• marko vardı, yılışık zengin bir alman piçi, benim hatuna yazıyor, kızın adı nina, bir oturuşta bir domuzu götürür kahpe, öyle iştahlı gösterişli falan bi manita. bu marko nina'ya yazıcam diye gelip gelip beni madara etmeye uğraşıyor falan. ben sessiz adamım, susuyorum tabi. bi gün bu gene böyle maymunluk yaparken herkesin önünde bi çıkardım hacı marko'ya tokatı, bu dondu kaldı am görmüş dilenci gibi gözüme bakıyor. bu böyle bakınırken bi tane daha, bi tane daha, beş vurup bir sayıyorum ibneye, seriye aldım tokatla dövüyorum. bu güleyim mi ağlayayım mı şaşırdı kızın önünde. sonra allahtan anaokulu hocamız vardı, frau kasper, o geldi de ayırdı bizi yoksa elimde kalacaktı almanın dölü. yaş 6-7 falan benim, en deli zamanım. gözüme bakacak delikanlı bulamıyorum. sonra da bir daha kavga etmedim zaten. hani kavga etmedim dediysem dayak çok yedim, o ayrı. cumhur ibnesi de yazıyordu gerçi kıza ama ona bi şey demeye hiç götüm yemedi bak.
    efsane diyeni de sikerim, her kelimesi gerçek bunun. nina'ya sorun, marko'ya sorun amk.
  • gerçektir...

    bir türk interrailci trende tuvalete girmek için kalkar. tam o sırada bir kızla bir oğlan, bir takım amaçlar için birlikte tuvalete girerler. kapıya da 2 zenci çocuk gelir ve kimse girmesin diye kapının önünde beklemeye başlarlar. türk olan içeri girmek için hamle yapar ama zenciler "no" diyerek onu engellerler. ardından türk olan çok sıkıştığı için bir kez daha, bu sefer daha kararlı bir şekilde tuvalete girmek ister. zenciler bu kez çocuğu iterler ve çocuk yere düşer. son derece inatçı ve kavgacı bir insan olan türk delikanlısı, çok sinirlernir ve tuvalet kapısına doğru 3. kez atılır. bu sefer sabrı taşan zenciler çocuğu bir güzel döverler. yediği dayak sonrası deliye dönen türk genci "allah mısınız ulaaaaan!!" diye bağırır ve tam bu sırada "allah" lafını duyan zencilerden biri "ooo muslim brother!" deyip, az önce dövdüğü çocuğa sarılır ve sonra da kola ısmarlar.
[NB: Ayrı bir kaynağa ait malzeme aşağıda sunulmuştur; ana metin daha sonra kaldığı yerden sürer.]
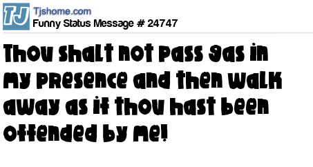 X Thou shalt not pass gas in my presence and then walk away as if thou hast been offended by me!

  • zamanında bulgaristan'ın uluslararası bir plajındayız. birkaç erkek otururken futbol oynayan bir kaç eleman görülür. yanlarına gidilip derdimiz anlatılır. karşılıklı bi maç yapalım hesabı. heriflerin sırp olduğu bizim de türk olduğumuz anlaşıldıktan sonra galatasaray, belgrad, istanbul ekseninde bir iki muhabbet döner. en son maça başlarken bütün sırpların ''just for fun ha?'' diye üstüne basa basa söylediklerini hatırlıyorum. ''olm bakın adamlar sadece eğlenelim diyorlar, sertlik yapmayın'' diye ben de bizimkilere tembihledim. maç başladıktan sonra biz bir iki gol attık biraz da sert oynayarak. adamlara da en son bıkkınlık geldi kendi aralarında sırpça küfürleşmeye başladı ibneler. yerden kaymalar mı dersin, topa gireyim derken baldıra tekmeler mi dersin her şey var. o değil etrafa da 10-15 kişilik kalabalık birikti bizi izliyorlar. amına koyim sanki galatasaray-kızılyıldız maç yapıyor da bi ara; ''defansta çok boşluk veriyoruz greyback, oralara kadar getirmeyin adamları'' diye ruh hastası cümleler duymaya başladım. neyse ki ben ortamı sakinleştirici adam görevini oynayıp herifler gol falan attığında ''nice shot'' , ''nice move'' gibi bir şeyler söylüyorum da adamlar da bizi insan zannediyorlar. maç bitiyor ortam yumuşuyor. heriflerle el sıkışıp, bi sakatlık çıkmadan nice game falan diyip ayrılıyoruz oradan. kavga dövüş olmasına ramak kaldıydı, allahtan sırplardan bi çetnik işareti falan gelmedi yoksa kanın gövdeyi götürdüğü sürrealist bir film izleyebilirdik.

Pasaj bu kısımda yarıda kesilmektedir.